Durante el siglo XVII los huertos de villas y palacios que albergaban las colecciones de cítricos en Italia pasaron a formar parte de un paisaje intelectual más amplio. Eran la prolongación en el exterior de las colecciones de curiosidades, o museos privados, compuestos de objetos de lugares y tiempos lejanos reunidos por caballeros cultos, ricos o aristocráticos de toda Europa. La enorme variedad de frutas y curiosas mutaciones de los cítricos era un elemento importante en muchas de estas colecciones. El filósofo y estadista inglés Francis Bacon ofreció una vívida imagen de la clase de colección que podía encontrarse en la casa de un caballero educado en cualquier lugar de Europa. En el interior hallaremos:

Un gabinete lo suficientemente grande, en el que ha de clasificarse e incluirse cuanto de extraño en forma y movimiento haya hecho la mano del hombre, ya sea mediante arte o máquina exquisita, cuanto la singularidad, la oportunidad o el azar de las cosas, cuanto la naturaleza o el azar haya forjado en punto a seres vivos.

El escenario para una colección de cítricos fue descrito como «un jardín maravilloso, en el que puedan colocarse y cuidarse plantas de otros climas y otras tierras, ya sean silvestres o producto del cultivo del hombre». El jardín también albergará pájaros, animales y peces raros, para que represente «a pequeña escala un modelo del conjunto de la naturaleza».10

Durante la primavera y el verano los cítricos bordeaban los senderos y escalones del jardín y se disponían en grupos en torno a las fuentes y estatuas. En invierno las macetas se apretaban en el refugio prestado por las limonaie (‘invernaderos’). Esa proximidad les permitía polinizarse entre ellos libremente, de forma que cada colección seguía creciendo en tamaño y diversidad. Evolucionaron como una serie de antiguas e incestuosas familias que habitaban en los jardines amurallados de villas y palacios de toda Italia, donde vivían como miembros de comunidades cerradas, sobreviviendo a incontables generaciones de propietarios aristocráticos y expertos jardineros.
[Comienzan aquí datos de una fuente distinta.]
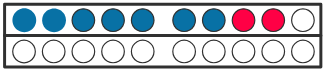 Im Punktfeld siehst du, dass du 7 blaue Punkte hast. Du bekommst 5 rote Punkte dazu. Zuerst werden von den 5 roten Punkten 3 genommen, um den oberen Punktstreifen bis zur Zahl 10 aufzufüllen. Es bleiben jetzt 2 rote Punkte übrig, denn 5-3=2. Diese 2 Punkte legst du in die nächste Reihe, in der du von 11 bis 20 zählen kannst.
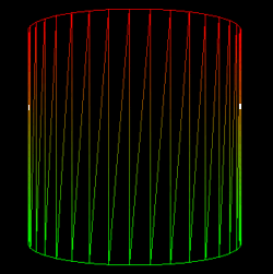 Der Aufbau des Zylinders wird recht deutlich an dem unteren Bild, bei dem man nur die Vorderseite des Zylinders sieht. Damit das Drahtgittermodell deutlicher wird, habe ich die Vertex-Zahl für diesen Screenshot ein wenig verringert.

Los jardines renacentistas y barrocos estaban llenos de entretenimientos, como complicados laberintos, rezumantes grutas y elaboradas casas en los árboles. Había agua por todas partes; surgía en forma de potentes e inesperados chorros de las fachadas de los edificios, de las grietas entre las losas y los bancos del jardín. Accionaba instrumentos hidráulicos y movía estatuas que parecían desplazarse por voluntad propia. Había criaturas exóticas en la casa de fieras, aves extrañas en el aviario y peces de brillantes colores en los estanques. La complicada botánica de los cítricos encajaba bien entre estas maravillas, pues garantizaba que siempre hubiera algo de misterio en ellos, cambiante e inaprensible, para que su fruto fuera sorprendente y atractivo en todo momento.

El estudio de la botánica conoció un rápido desarrollo durante esta época, pero había muchos aspectos de los cítricos que botánicos y coleccionistas no comprendían. Repentinos cambios de temperatura, períodos de sequía, lluvias inusualmente intensas o incluso el viento podían provocar mutaciones. Ello a menudo afecta únicamente a una o dos ramas de un árbol, que florecen en un período ligeramente diferente, producen frutos que maduran a un ritmo diferente o tienen incluso formas y colores diferentes de los frutos del resto del árbol. Cuando se producía una de estas mutaciones en un árbol de una colección de cítricos suponía un maravilloso misterio y, en una época de exploraciones científicas, lo convertía en un objeto de coleccionista aún más fascinante y deseable.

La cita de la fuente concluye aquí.